A look at the impacts of Covid-19 from the perspective of Disney+ and ESPN+. In this talk Eric Klein from Disney Streaming Services gives his view on the changes and learnings he saw as Covid hit and as it continues. He first comments on the increase in ‘initial streams’ as the lockdowns hit with Austria topping the list with a 44% increase of time spent streaming within a just a 48-hour period and in the US, Comcast has reported an uptick of 38% in general streaming and web video consumption. Overall fixed broadband networks tended to do better with the peaks than mobile broadband, whereas mobile internet which is quite common in Italy was observed to be suffering.

Distribution in a Covid-19 World from Streaming Video Alliance on Vimeo.

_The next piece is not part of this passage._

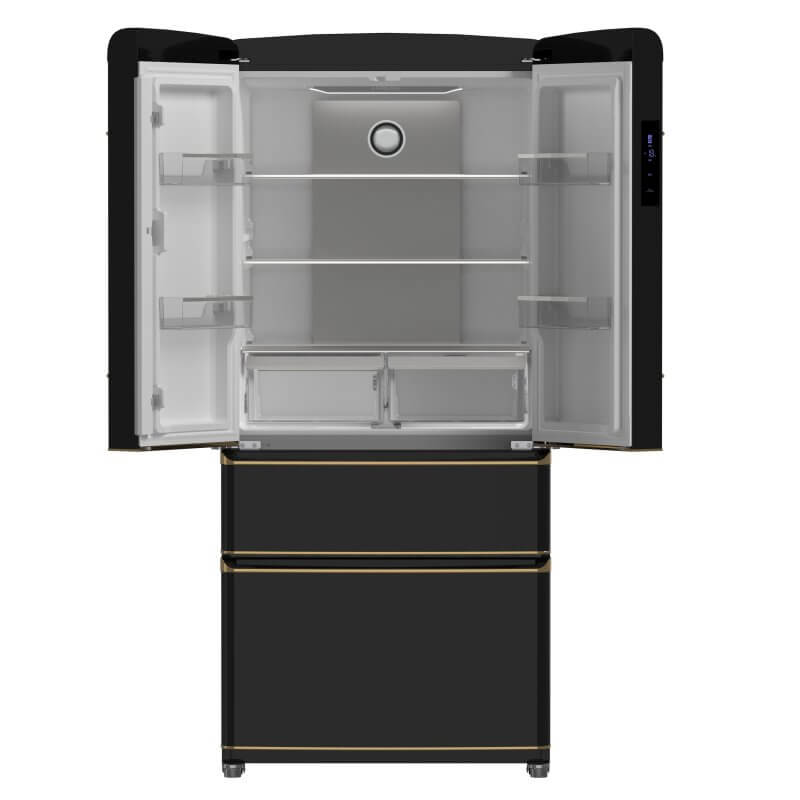 Make a bold statement in your kitchen with our 18 cu.ft. frost-free refrigerator in a sleek black finish, accented with antique brass handles for a sophisticated touch. Offering a spacious 12 cu.ft. fresh food compartment and a 6 cu.ft. freezer, this model provides flexible storage solutions with adjustable glass shelves, door bins, and crispers. Advanced Super Cool and Super Freeze functions keep your groceries fresh, while energy-efficient LED lighting brightens every corner. The no-frost design ensures easy maintenance, and the retro-inspired look with a stainless steel back panel adds timeless elegance to any home. ENERGY STAR certified, this refrigerator combines style and sustainability. Lower the cost of living with Forno.

Content providers played their part to help with the congestion in adjusting to the situation by altering video profiles and changing starting bitrates as part of an industry-wide response. And it’s this element of everybody playing their part which seems to be the secret sauce behind Eric’s statement that “the internet is more resilient than everybody thought”. Eric goes on to point out that such networks are designed to deal with these situations as the first question is always “what’s your peak traffic going to be”. Whilst someone’s estimates may be off, the point is that networks are provisioned for peaks so when many peak forecasts come to pass, their average is usually within the network’s capabilities. The exceptions come on last-mile links which are much more fixed than provisioning of uplink ports and router backplane bandwidth within datacentres.

Eric points out the benefits of open caching, a specification in development within the Streaming Video Alliance. Open caching allows for an interoperable way of delivering files into ISP, modelled around popular data, so that services can cache data much closer to customers. By doing this, Eric points to data which has shown an ability to deliver an up to 15% increase in bandwidth as well as a 30% decrease in ‘customer-impacting events.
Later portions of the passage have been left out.